Recorded data:

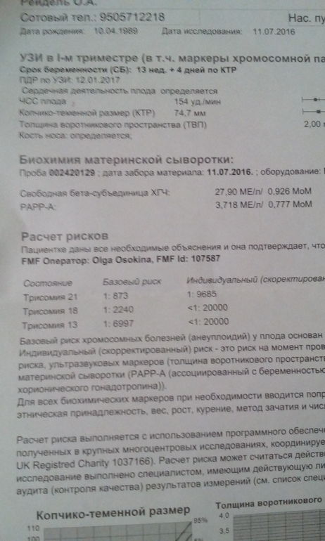 Хороший результат. Но это капец че творится с этими скринингами. Ну и что, что потерялся, он же остался в лаборатории, могли бы ваши врачи (обязаны были) связаться и запросить копию раз потеряли. Читаю тут всех, то считают через **пу, то теряют результат, то выдают высокие риски без консультации. Да они че все поели? Врачи млин.
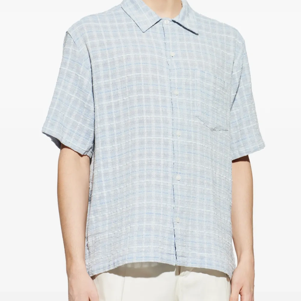 синие в клетку, с нагрудным карманом, застёжка на пуговицы, короткие рукава
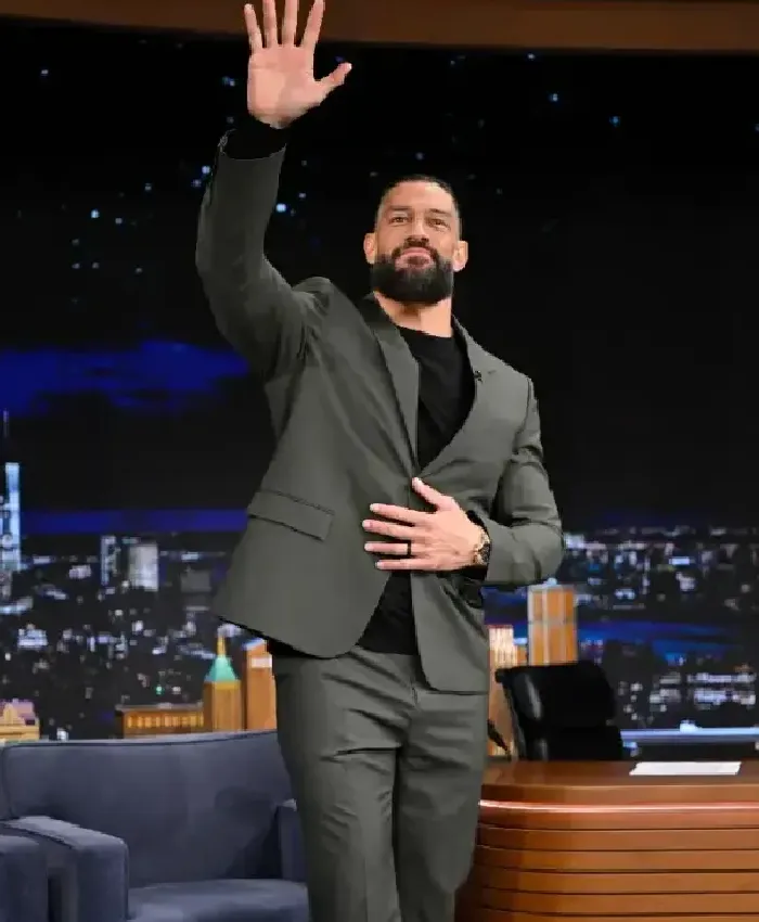 The The Tonight Show Roman Reigns Suit got that clean but powerful vibe. It’s not one of those overly shiny or flashy suits, but still you can’t ignore it. The green color is different, like not something everyone would pick, but somehow it works really well. It feels bold but also controlled, kinda like his personality. You look at it and think yeah, this is not random… this is chosen. It gives off that “I know what I’m doing” kind of feel, even if you don’t say it out loud.
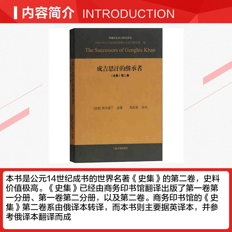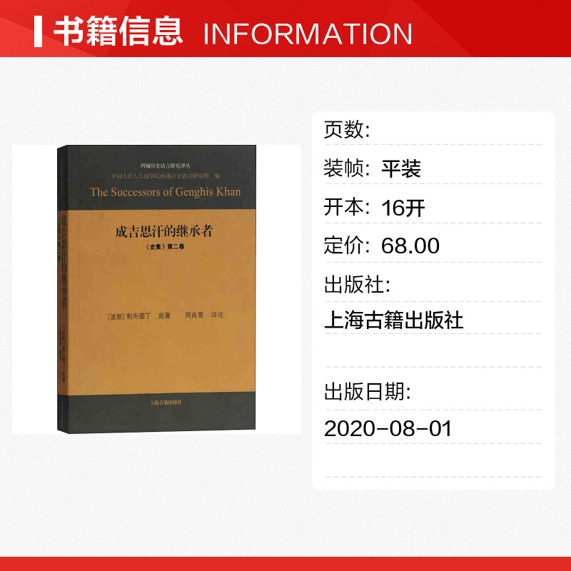 剌失德丁 新华文轩 第2卷 正版 上海古籍出版 继承者 新华书店旗舰店文轩官网 成吉思汗 社 史集 书籍小说畅销书 波斯
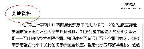 其次,再深入閱讀其內容時,也會發現其內容編寫顯得不夠專業。比如“李彥宏”這個詞條,前面一大部分好像沒什麼問題,但是到最後卻來了個“其它資料”草草了事,如圖:
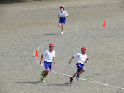 チームごとに分かれて、6年生を中心にバトンパスなどの練習をしました。
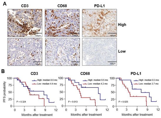 To further investigate the association between the expression levels of CD3, CD68, and PD-L1 within tumor tissues and patient outcomes, we divided the patient population into subgroups based on the median values of respective markers, as shown in Table 1. Representative immunohistochemistry findings are presented in Figure 1A. We found that there was no significant difference in OS between subgroups for each marker (data not shown). However, when we compared PFS, we observed that the high CD3+ subgroup did not have a significantly different PFS period compared to the low CD3+ subgroup (p = 0.32; Figure 1B, left). In contrast, the high CD68+ subgroup had significantly better PFS than the low CD68+ subgroup (median 9.5 months versus 4.2 months, p = 0.01; Figure 1B, middle). Similarly, the high PD-L1 subgroup also demonstrated a better PFS period than the low PD-L1 subgroup (median 8.3 months versus 3.7 months, p = 0.02; Figure 1B right).
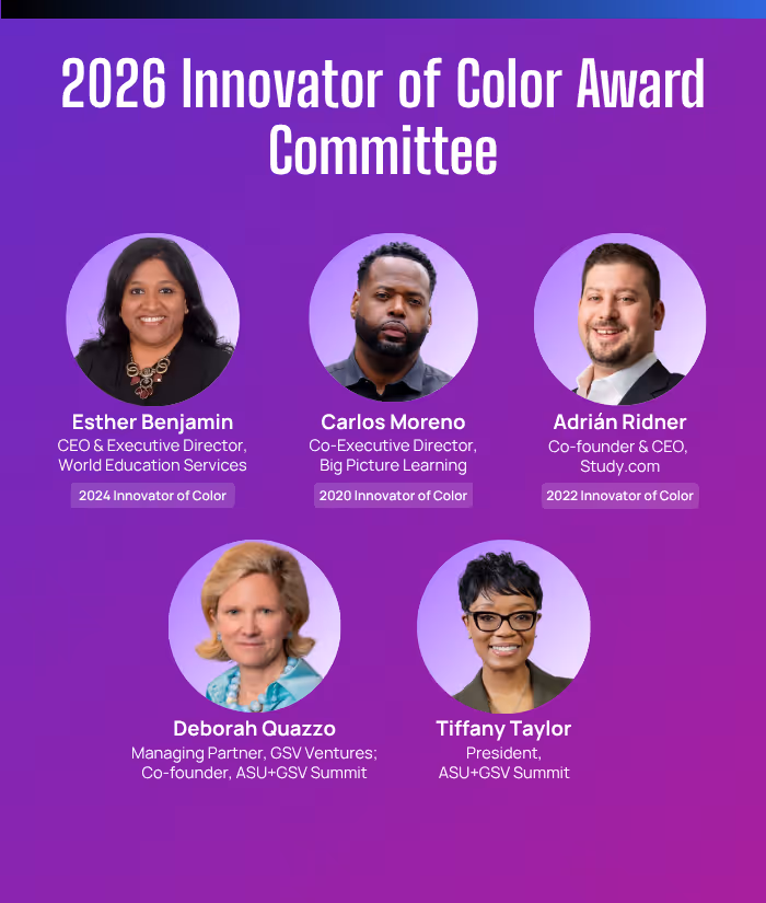 As we continue to elevate the impact and reach of Innovators of Color, the 2026 honorees will embody the spirit of fusion: the cosmic convergence of people, purpose, and pioneering ideas to expand access and opportunity for ALL. We look forward to your nominations and are honored to spotlight the trailblazers transforming digital learning and skills throughout the 2026 ASU+GSV Summit and beyond.
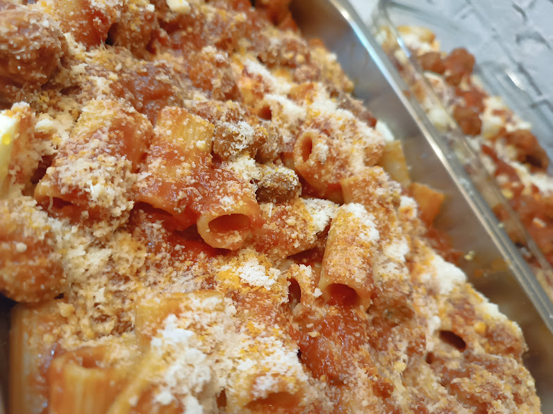So, a baked pasta that you won’t forget, from festive Sundays, big lunches…Filled with savory and essential ingredients. A baked pasta dish found in southern Italy, full of color and flavor, using local produce. I believe there isn’t a specific recipe; every family has its own, a rich and somewhat old-fashioned first course or perhaps sought after for that festive and homely meal.
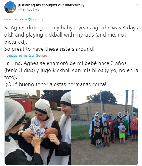 Otra usuaria comenta: “La Hna. Inés se enamoró de mi bebé hace 2 años (tenía 3 días) y jugó kickball con mis hijos (y yo, no en la foto). ¡Qué bueno tener a estas hermanas cerca!”.
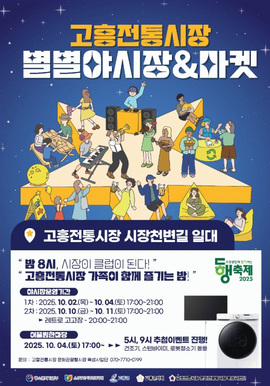 한편, ‘별별야시장’은 오는 10월 10부터 11일까지 2일간 고흥전통시장 천변 일원에서 한 차례 더 개최될 예정이다.
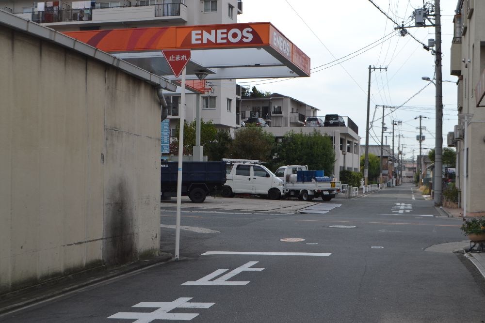 エネオスのガソリンスタンド、止まれを左折します。
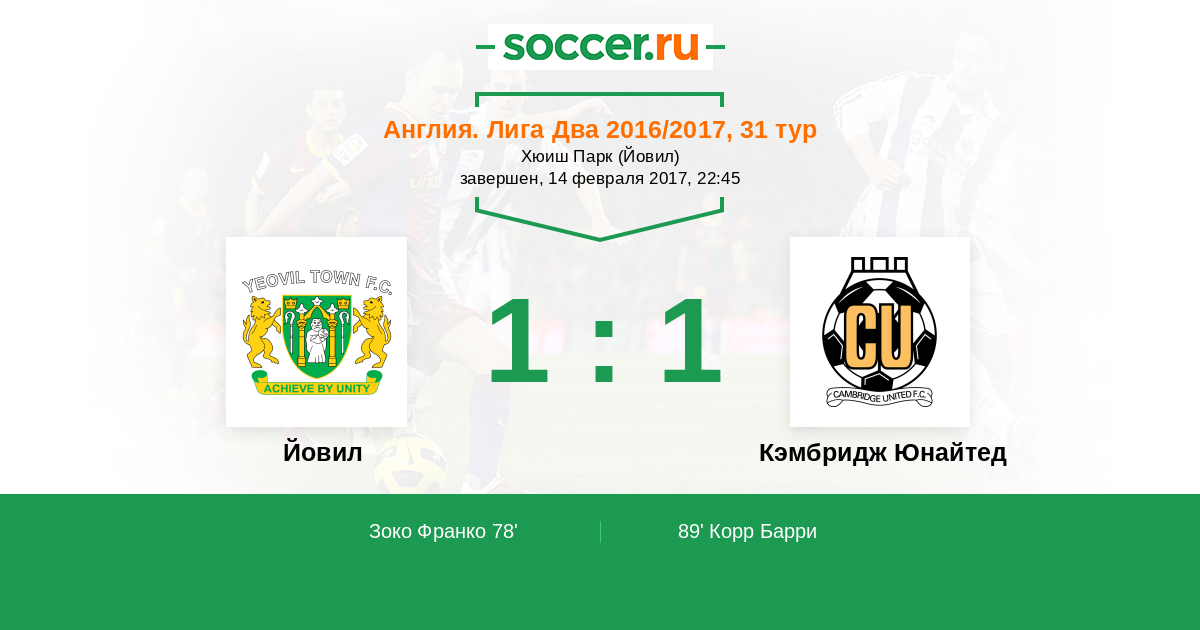 Йовил - Кэмбридж Юнайтед: обзор матча 14 февраля 2017
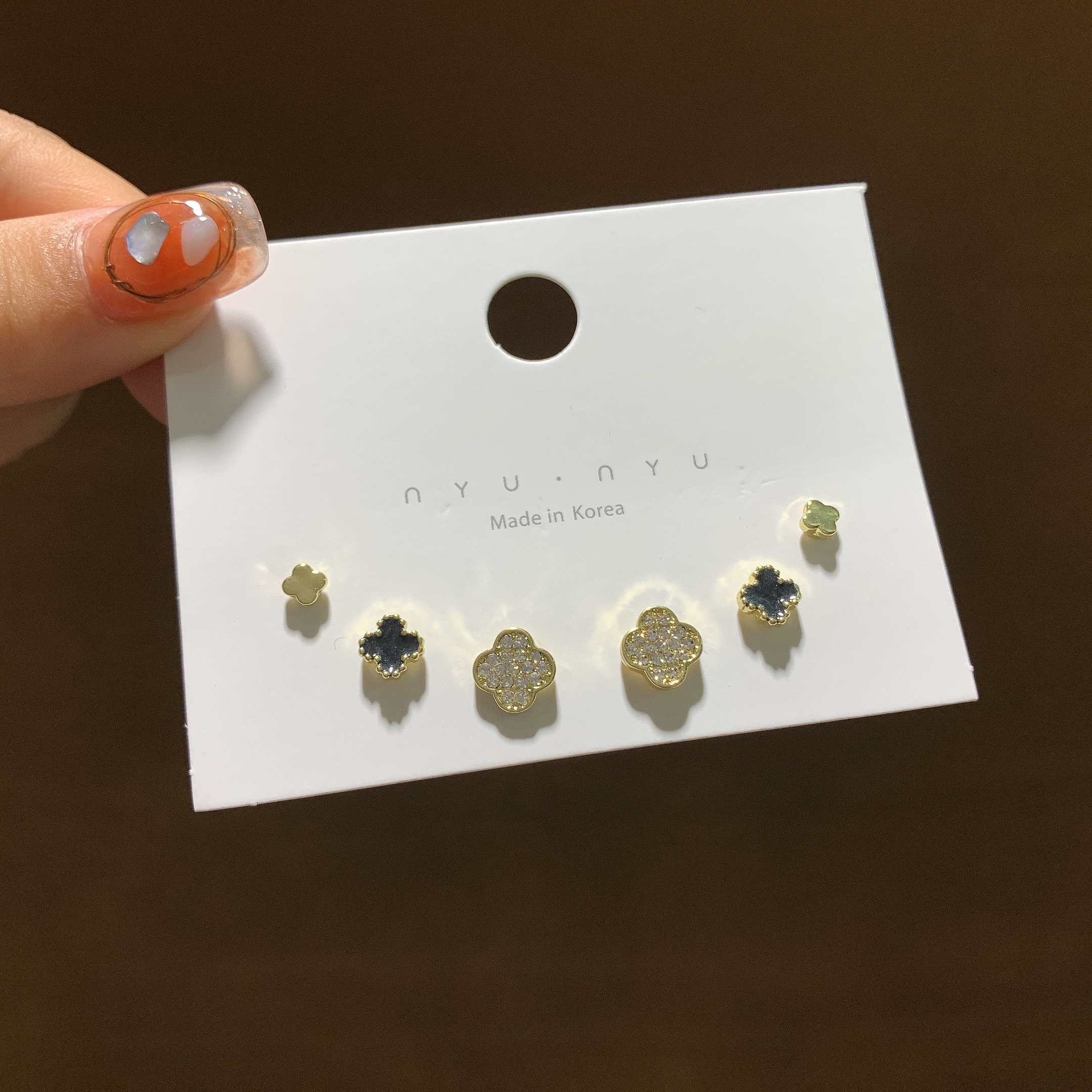 s925 Four-leaf Three Pairs Versatile Korean Style Women’s Silver Needle
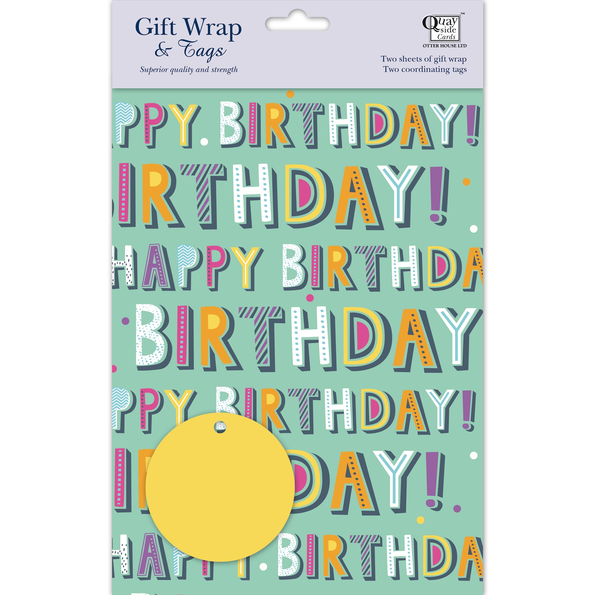 Gift Wrap & Tags - Happy Birthday Text (2 Sheets & 2 Tags)
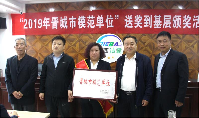 10月11日上午,晉城市總工會副調(diào)研員刁忠孝、商貿(mào)工會主席張玉濤、商貿(mào)工會干事李艷艷一行蒞臨公司舉行“2019年晉城市模范單位”送獎到基層頒獎活動,向公司榮獲“晉城市模范單位”表示祝賀,公司黨支部書記、總經(jīng)理程晉軍、公司副總經(jīng)理史志霞、公司原黨支部書記李山虎以及公司部分員工代表參加頒獎活動。公司工會主席崔偉主持了頒獎儀式。
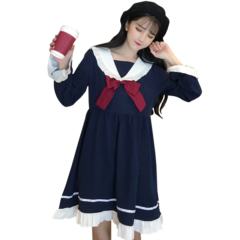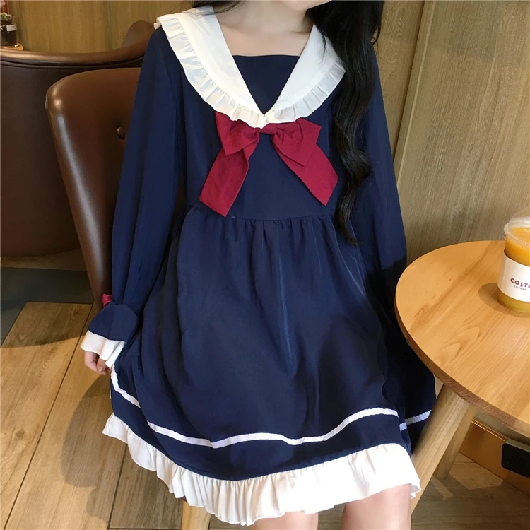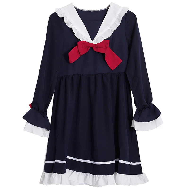 Платье в стиле Харадзюку, красное, с матросским воротником, с оборками, с длинным рукавом
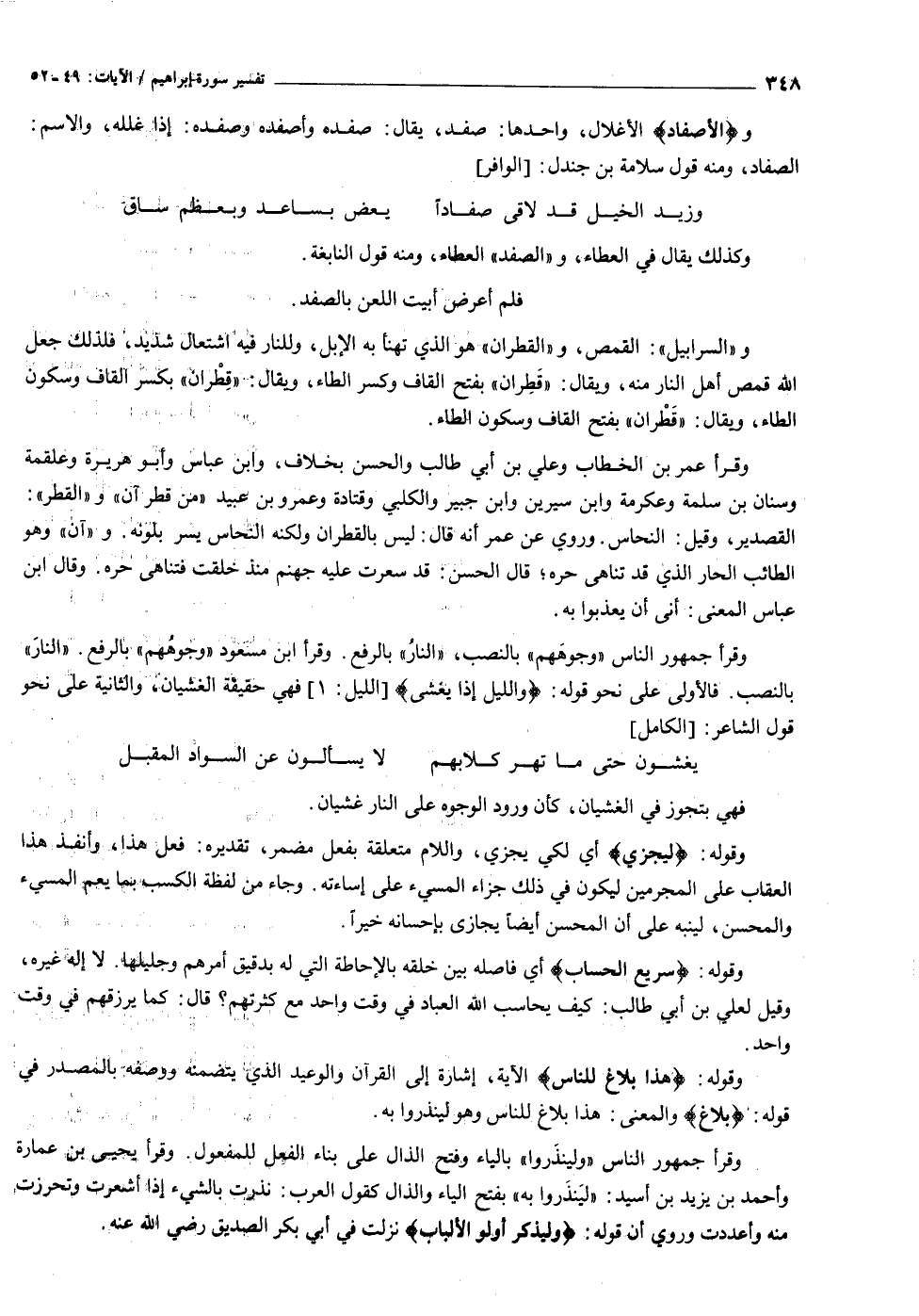 و «السرابيل» : القمص، و «القطران» هو الذي تهنأ به الإبل، وللنار فيه اشتعال شديد، فلذلك جعل الله قمص أهل النار منه، ويقال: «قطران» بفتح القاف وكسر الطاء، ويقال: «قطران» بكسر القاف وسكون الطاء، ويقال: «قطران» بفتح القاف وسكون الطاء.

__Problem to solve__
Start at the line holding "Платье в стиле" and stop at the last line of the entries above. Repeat those lines exactly, pictures excluded.

__Solution to the exercise__
 Платье в стиле Харадзюку, красное, с матросским воротником, с оборками, с длинным рукавом
 و «السرابيل» : القمص، و «القطران» هو الذي تهنأ به الإبل، وللنار فيه اشتعال شديد، فلذلك جعل الله قمص أهل النار منه، ويقال: «قطران» بفتح القاف وكسر الطاء، ويقال: «قطران» بكسر القاف وسكون الطاء، ويقال: «قطران» بفتح القاف وسكون الطاء.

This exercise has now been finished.